## Task
Where the line containing "Un accident spectaculaire" appears in the records below, begin there and repeat each line exactly through the final one, dropping all pictures.

(Data items)
*** Block opens ***

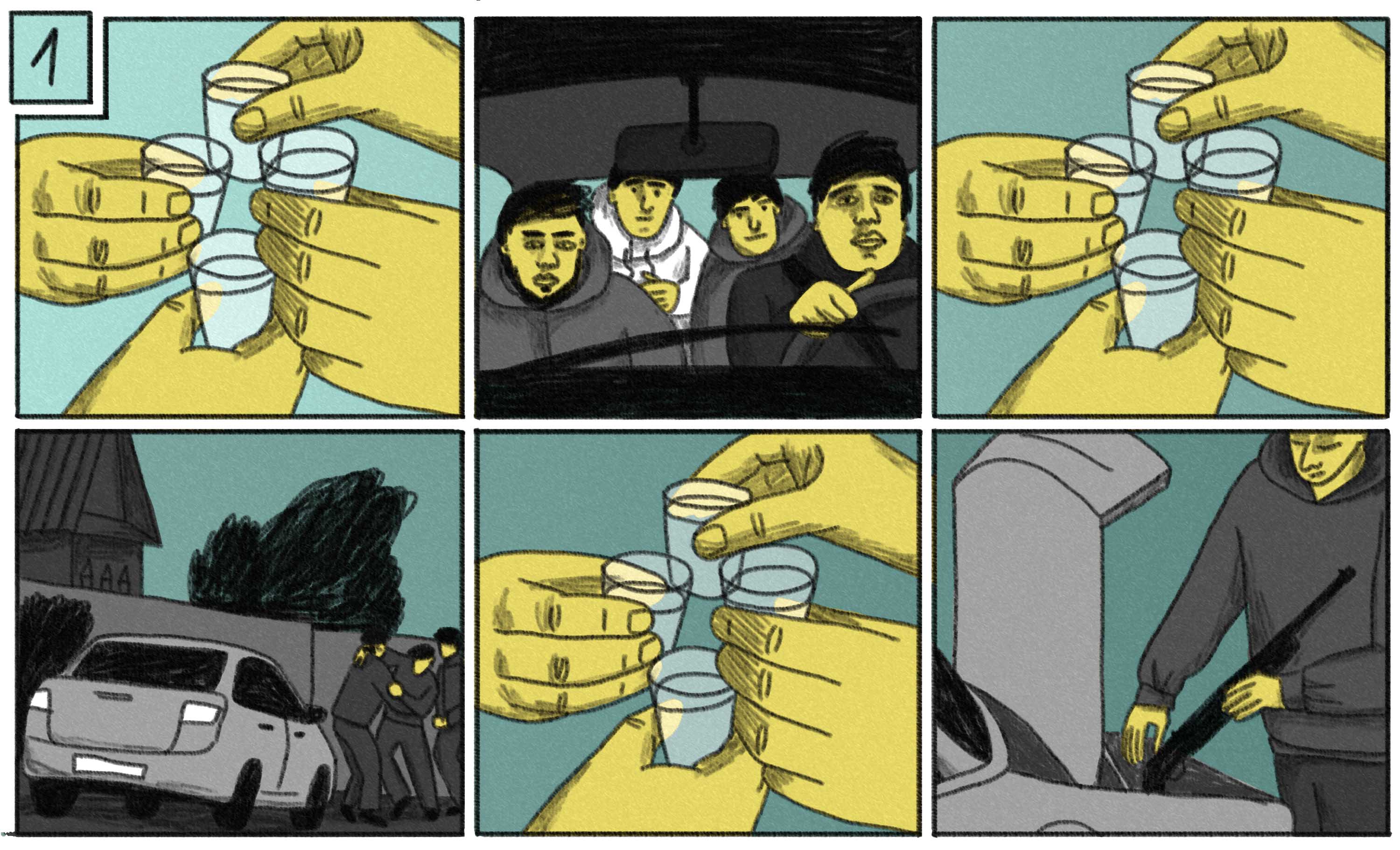 Впрочем, вспоминали свидетели, обратно в Конь-Колодезь они не поехали — остановились неподалеку от села, чтобы выпить еще. Речь снова зашла о риэлторе и деньгах, которые тот задолжал Кудинову; в итоге компания развернулась и отправилась обратно к дому Курбатова. Согласно версии обвинения, там Стародубцев достал из машины желтый пакет, развернул его и показал товарищам «двуствольное ружье с отпиленным прикладом и стволом». «Он спросил у Стародубцева, зачем ему ружье. Стародубцев сказал, что это для того, чтобы не было страшно в чужой деревне», — приводятся в обвинительном заключении показания Корнеева.
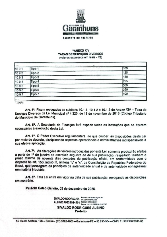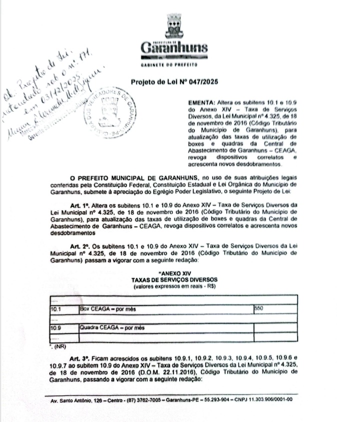 O Prefeito Sivaldo Albino (PSB) encaminhou à Câmara de Garanhuns, em regime de urgência urgentíssima, o Projeto de Lei nº 047/2025, que propõe a atualização das Taxas cobradas pela utilização de boxes e quadras da Central de Abastecimento de Garanhuns (CEAGA).
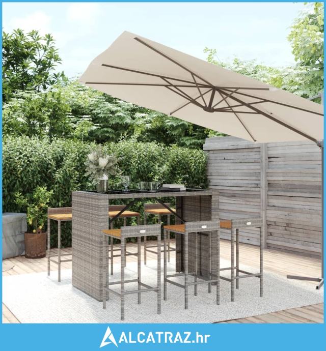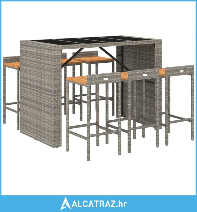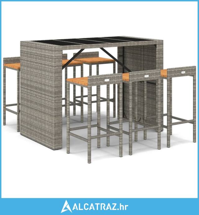 7-dijelni vrtni barski set sivi od poliratana i drva bagrema - NOVO
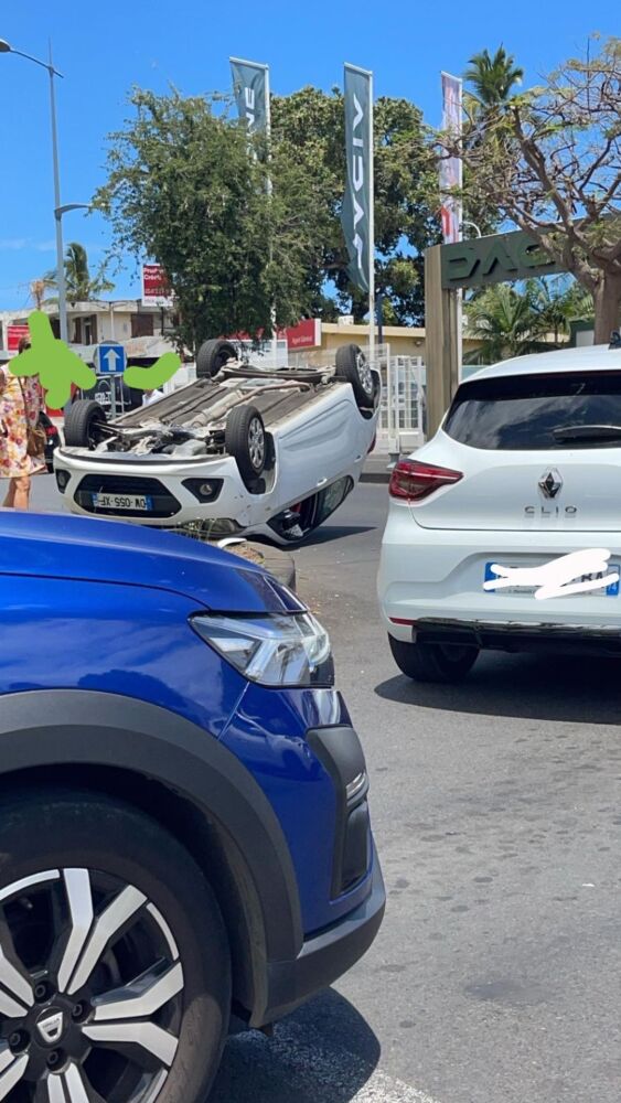 Un accident spectaculaire s’est produit dans le centre-ville de Saint-Paul, où un véhicule a terminé sa course sur le toit. Les autorités recommandent la plus grande prudence aux usagers de la route dans ce secteur, particulièrement en ce jour de week-end où la circulation est dense.
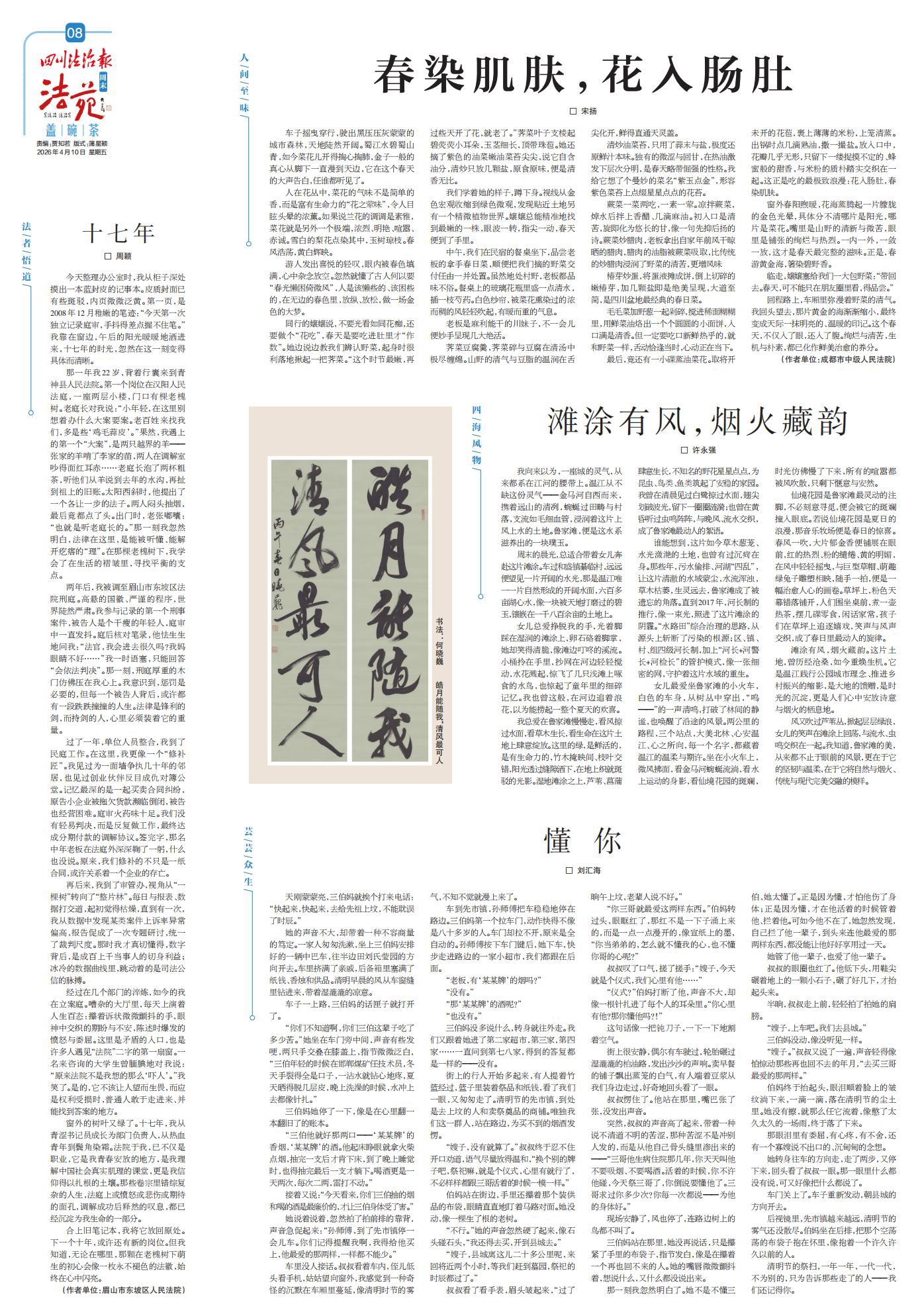 窗外的树叶又绿了。十七年,我从青涩书记员成长为部门负责人,从热血青年到鬓角染霜。法院于我,已不仅是职业,它是我青春安放的地方,是我理解中国社会真实肌理的课堂,更是我信仰得以扎根的土壤。那些卷宗里错综复杂的人生,法庭上或愤怒或悲伤或期待的面孔,调解成功后释然的叹息,都已经沉淀为我生命的一部分。
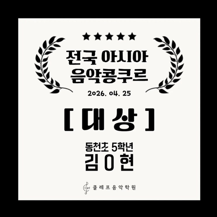 [ 전국 아시아 음악 콩쿠르 ] 초등부 5학년 대 상 고득점 수상을 축하합니다! 3월이후 새학기 클레프 첫 콩쿨에서 우수한 성적을 받아왔어요 실수없이 준비한대로 무대를 완성하고 내려오더니 좋은 결과 받은 것 같아요! 고 학년 올라가면 사실 긴장감이 커져서 마인드컨트롤 하기가 더 힘들어서 오히려 연습때보다 무대에서 실수가 잦아지는데 실수없이 준비한 대로 연주를 해주어서 더 기특했답니다! 클레프 새학기 콩쿨부터 좋은 결과를 가져와줘서 너무 고마워✨ 클레프 음악학원 범어래미안 정문 옆 상가 2층 [ 동천초 도보2분 ] 문의. 010-7711-2092 <img src="https://blogthumb.pstatic.net/MjAyNjA0MjhfMTg4/MDAxNzc3MzgyMDYzNzAw.ZHlbLYhz70vT7cPdGkUx16-PEjWkI_C__-wl_HSBKFog.FR0x-AqlulGq9oJsTh-Y-shRfj8JTDKO-32Sx2HTVMQg.JPEG/output%A3%DF353418565.jpg?type=s3" />

*** Block closes ***

## Task answer
 Un accident spectaculaire s’est produit dans le centre-ville de Saint-Paul, où un véhicule a terminé sa course sur le toit. Les autorités recommandent la plus grande prudence aux usagers de la route dans ce secteur, particulièrement en ce jour de week-end où la circulation est dense.
 窗外的树叶又绿了。十七年,我从青涩书记员成长为部门负责人,从热血青年到鬓角染霜。法院于我,已不仅是职业,它是我青春安放的地方,是我理解中国社会真实肌理的课堂,更是我信仰得以扎根的土壤。那些卷宗里错综复杂的人生,法庭上或愤怒或悲伤或期待的面孔,调解成功后释然的叹息,都已经沉淀为我生命的一部分。
 [ 전국 아시아 음악 콩쿠르 ] 초등부 5학년 대 상 고득점 수상을 축하합니다! 3월이후 새학기 클레프 첫 콩쿨에서 우수한 성적을 받아왔어요 실수없이 준비한대로 무대를 완성하고 내려오더니 좋은 결과 받은 것 같아요! 고 학년 올라가면 사실 긴장감이 커져서 마인드컨트롤 하기가 더 힘들어서 오히려 연습때보다 무대에서 실수가 잦아지는데 실수없이 준비한 대로 연주를 해주어서 더 기특했답니다! 클레프 새학기 콩쿨부터 좋은 결과를 가져와줘서 너무 고마워✨ 클레프 음악학원 범어래미안 정문 옆 상가 2층 [ 동천초 도보2분 ] 문의. 010-7711-2092 <img src="https://blogthumb.pstatic.net/MjAyNjA0MjhfMTg4/MDAxNzc3MzgyMDYzNzAw.ZHlbLYhz70vT7cPdGkUx16-PEjWkI_C__-wl_HSBKFog.FR0x-AqlulGq9oJsTh-Y-shRfj8JTDKO-32Sx2HTVMQg.JPEG/output%A3%DF353418565.jpg?type=s3" />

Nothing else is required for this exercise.